**Prompt**
Repeat only the lines from the one that contains "The home consists" through the final line of the listing below, exactly, please, without pictures.

**The data**
****************
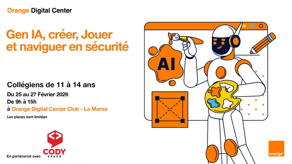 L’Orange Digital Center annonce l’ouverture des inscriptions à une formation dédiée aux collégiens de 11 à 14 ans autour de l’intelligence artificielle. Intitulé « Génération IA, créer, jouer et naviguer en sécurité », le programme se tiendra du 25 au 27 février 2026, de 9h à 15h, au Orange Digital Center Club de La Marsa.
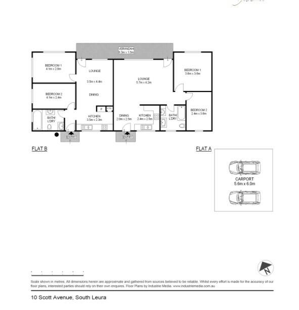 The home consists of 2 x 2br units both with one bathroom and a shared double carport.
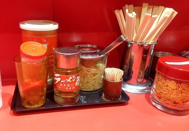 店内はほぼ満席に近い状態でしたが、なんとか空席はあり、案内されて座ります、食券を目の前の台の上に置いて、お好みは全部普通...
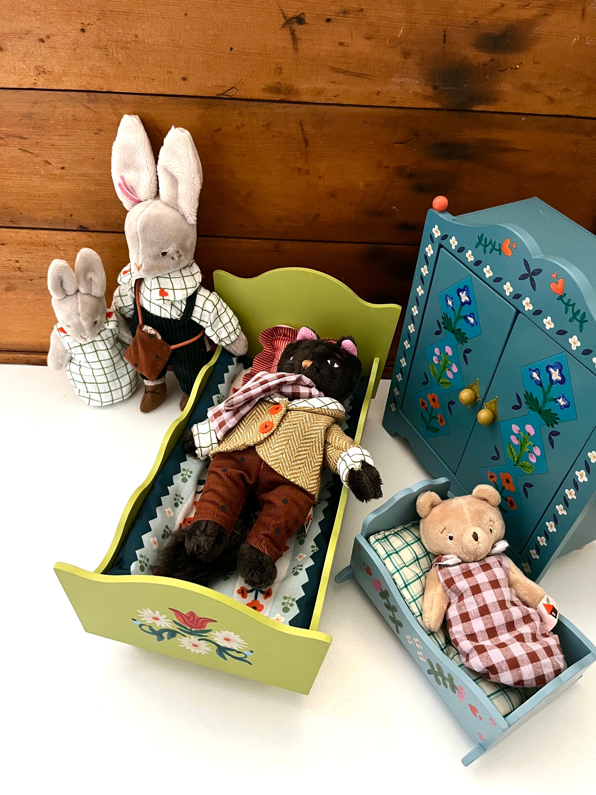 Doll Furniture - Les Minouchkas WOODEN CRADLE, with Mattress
****************
**Your response**
 The home consists of 2 x 2br units both with one bathroom and a shared double carport.
 店内はほぼ満席に近い状態でしたが、なんとか空席はあり、案内されて座ります、食券を目の前の台の上に置いて、お好みは全部普通...
 Doll Furniture - Les Minouchkas WOODEN CRADLE, with Mattress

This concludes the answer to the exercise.